__Supplied data__.
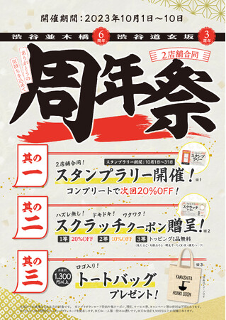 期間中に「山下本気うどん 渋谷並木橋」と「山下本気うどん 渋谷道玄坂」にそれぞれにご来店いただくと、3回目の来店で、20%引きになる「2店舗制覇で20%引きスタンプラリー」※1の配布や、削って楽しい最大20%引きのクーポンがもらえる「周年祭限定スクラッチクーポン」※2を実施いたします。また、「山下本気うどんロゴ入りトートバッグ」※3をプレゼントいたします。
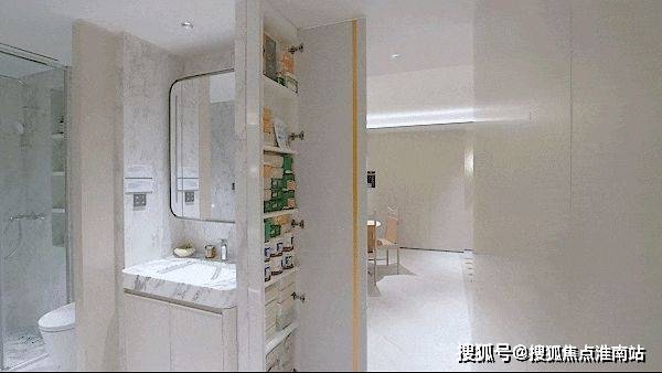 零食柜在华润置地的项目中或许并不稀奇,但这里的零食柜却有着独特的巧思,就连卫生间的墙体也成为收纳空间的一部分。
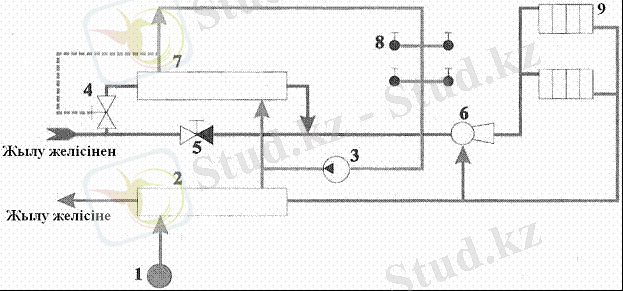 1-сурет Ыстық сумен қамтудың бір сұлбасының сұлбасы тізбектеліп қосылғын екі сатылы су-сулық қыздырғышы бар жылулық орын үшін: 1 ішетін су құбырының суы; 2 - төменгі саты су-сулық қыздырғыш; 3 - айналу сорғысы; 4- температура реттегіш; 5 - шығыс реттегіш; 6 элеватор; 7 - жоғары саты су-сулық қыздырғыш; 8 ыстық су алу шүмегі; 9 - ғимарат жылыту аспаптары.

__Goal of the exercise__. Nothing but the lines from the one containing "零食柜在华润置地的项目中或许" through the end of the listing is to be output, and those lines are to be output exactly, pictures excluded.

__Written response__.
 零食柜在华润置地的项目中或许并不稀奇,但这里的零食柜却有着独特的巧思,就连卫生间的墙体也成为收纳空间的一部分。
 1-сурет Ыстық сумен қамтудың бір сұлбасының сұлбасы тізбектеліп қосылғын екі сатылы су-сулық қыздырғышы бар жылулық орын үшін: 1 ішетін су құбырының суы; 2 - төменгі саты су-сулық қыздырғыш; 3 - айналу сорғысы; 4- температура реттегіш; 5 - шығыс реттегіш; 6 элеватор; 7 - жоғары саты су-сулық қыздырғыш; 8 ыстық су алу шүмегі; 9 - ғимарат жылыту аспаптары.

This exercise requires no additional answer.